I turned to him, eyebrow raised, a little smile on my lips. “Aren’t we a fount of knowledge?”

He blushed a little, looked away. “I had a minor in history, okay?” He paused and licked his lips, a knowing glint in his eyes. “Hey, Ike, you ready?”

“Sure am.”

And, with that, the two men headed off back towards the pasture.

Still, though, I couldn’t help but stare up at those antlers, at the weird crosses burned into their surface, at the kind of braid they made as they intertwined all the way down to the points.
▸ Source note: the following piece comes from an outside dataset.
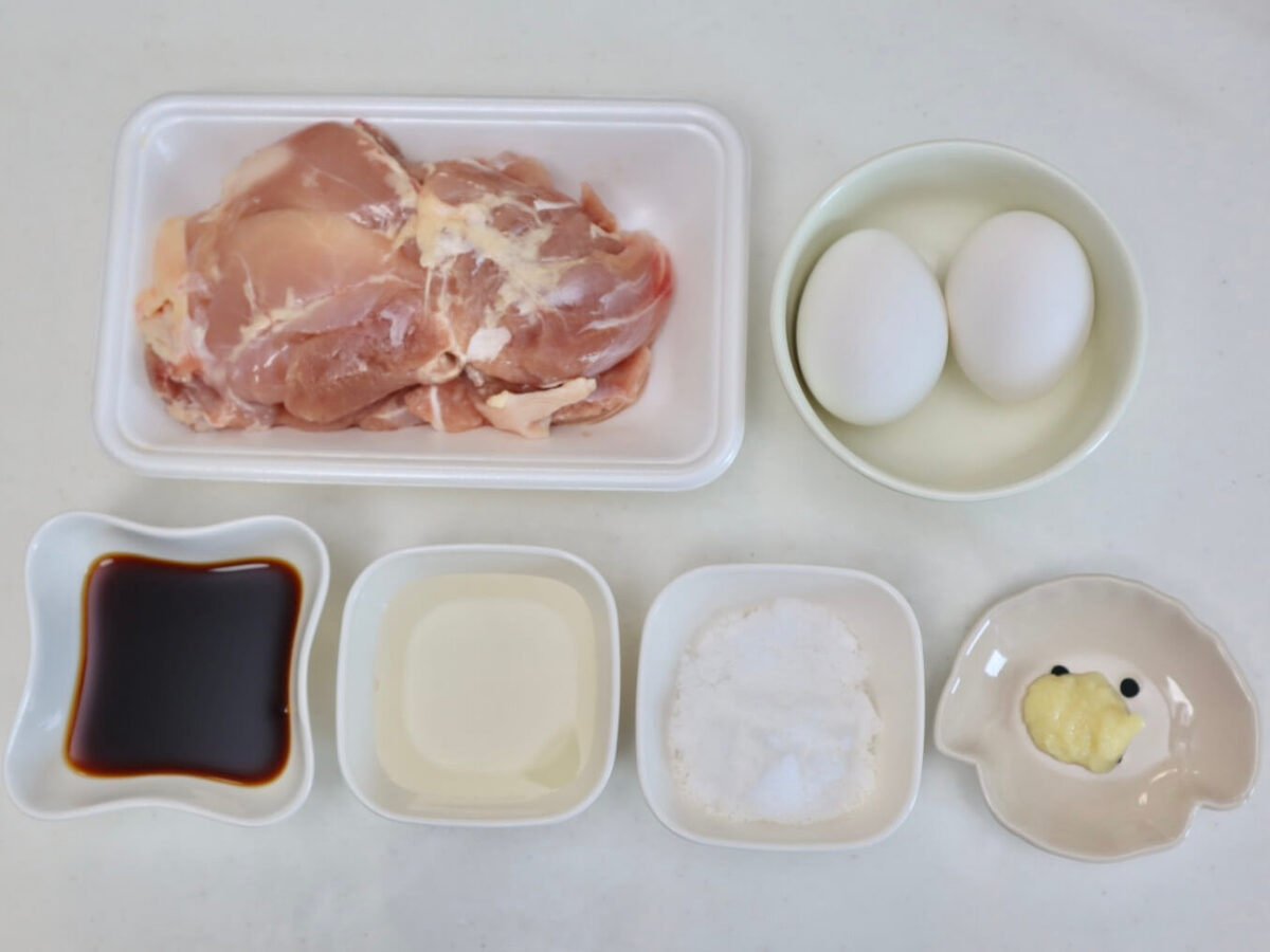 鶏もも肉を取り出して食べやすい大きさに切り、ゆで卵は半分にカット。

Something about them should have been unsettling, should have set my teeth on edge and my hair on end.

But, the funny thing was, they didn’t do anything of the kind. If anything, they were a comfort. A strange form of comfort, no doubt. But still, a comfort nonetheless.

“Faith!” Sam called from the far gate that led into the nearest pasture. “You coming, or not? Ike says it’s close enough to walk, but we gotta hurry.”

“Yeah!” I shouted back before beginning a short jog over to them. Finally, I fell in line behind Sam, and the three of us were headed out into the pasture to find the elder Shook.

Hopefully, he’d be able to shed some more light on what we were dealing with.

Deep down, though, I had the sinking feeling that all he was going to do was provide us with more questions than answers.